Lula já declarou que os BRICS serão o instrumento central da sua política externa. Há uma razão lógica para isto: esta plataforma intercontinental reúne potências emergentes da Ásia, África e América Latina com regimes e orientações diferentes, mas todas concordando na construção de uma ordem internacional em pé de igualdade. Acima de tudo, porém, o precedente histórico pesa: desde o início do seu governo em 2003, Lula apostou numa parceria estratégica com a China e considerou a sua primeira viagem a Pequim em 2004 como a sua principal prioridade em matéria de política externa.
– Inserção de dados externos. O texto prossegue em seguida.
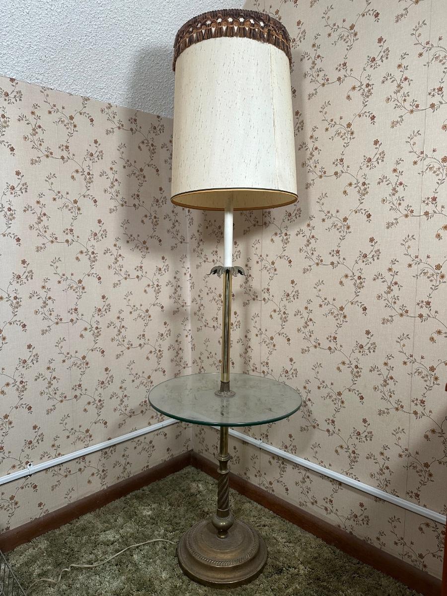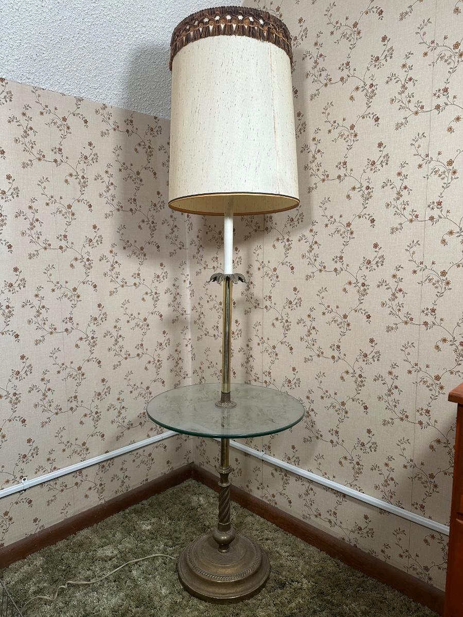 LOT 22Y: Vintage Glass & Brass Table Lamp Side Table

Desde 2009, o Brasil tem sido o principal parceiro comercial da China na América Latina, absorvendo aproximadamente metade dos investimentos da potência asiática na região e mais investimento do que qualquer outro destino latino-americano até 2021. É também o quinto maior exportador de petróleo bruto para o mercado chinês, o segundo maior exportador de minério de ferro e o maior exportador de soja. Lula é considerado pela China como um velho amigo e esta capital política abrirá praticamente todas as portas vermelhas para ele.

Isto pode implicar que Lula inscreva formalmente o Brasil como parceiro na Iniciativa Belt and Road (BRI) de uma forma que não perturbe os EUA. O presidente eleito, afinal, é um mestre desta arte.
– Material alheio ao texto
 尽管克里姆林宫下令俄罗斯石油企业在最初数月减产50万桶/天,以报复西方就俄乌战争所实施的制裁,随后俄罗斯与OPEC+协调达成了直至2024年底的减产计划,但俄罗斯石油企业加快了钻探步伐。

O tempo é curto: não se sabe quanto tempo Lula ainda tem de vida e o líder não tem sucessor. Em algum momento desta década, os EUA terão resolvido a sua luta interna e tentarão voltar ao bom caminho. Ninguém sabe quando ou como a guerra mundial em curso será resolvida, nem se sabe como será a ordem do pós-guerra. É por isso que não há um minuto a perder. Na noite das eleições, Lula leu um discurso programático, a fim de iniciar negociações com as diferentes facções políticas e económicas no dia seguinte e não deixar a mais pequena brecha através da qual a violência reaccionária se poderia infiltrar. Alberto Fernández deslocou-se imediatamente ao Brasil para chegar a acordo sobre a agenda regional e internacional. As cimeiras do G20, CELAC e BRICS+ estão mesmo ao virar da esquina e a coordenação Brasil-Argentina é essencial. Só juntos podemos, no Mercosul, tapar o buraco sob a linha de água que o Uruguai abriu ao iniciar negociações para um acordo de comércio livre com a China. Quando a História dá um salto, deve ser montada sem hesitação, mas com o impulso certo, porque, se o impulso falhar, permanecerá por muito tempo de pernas para o ar de e com as costas partidas.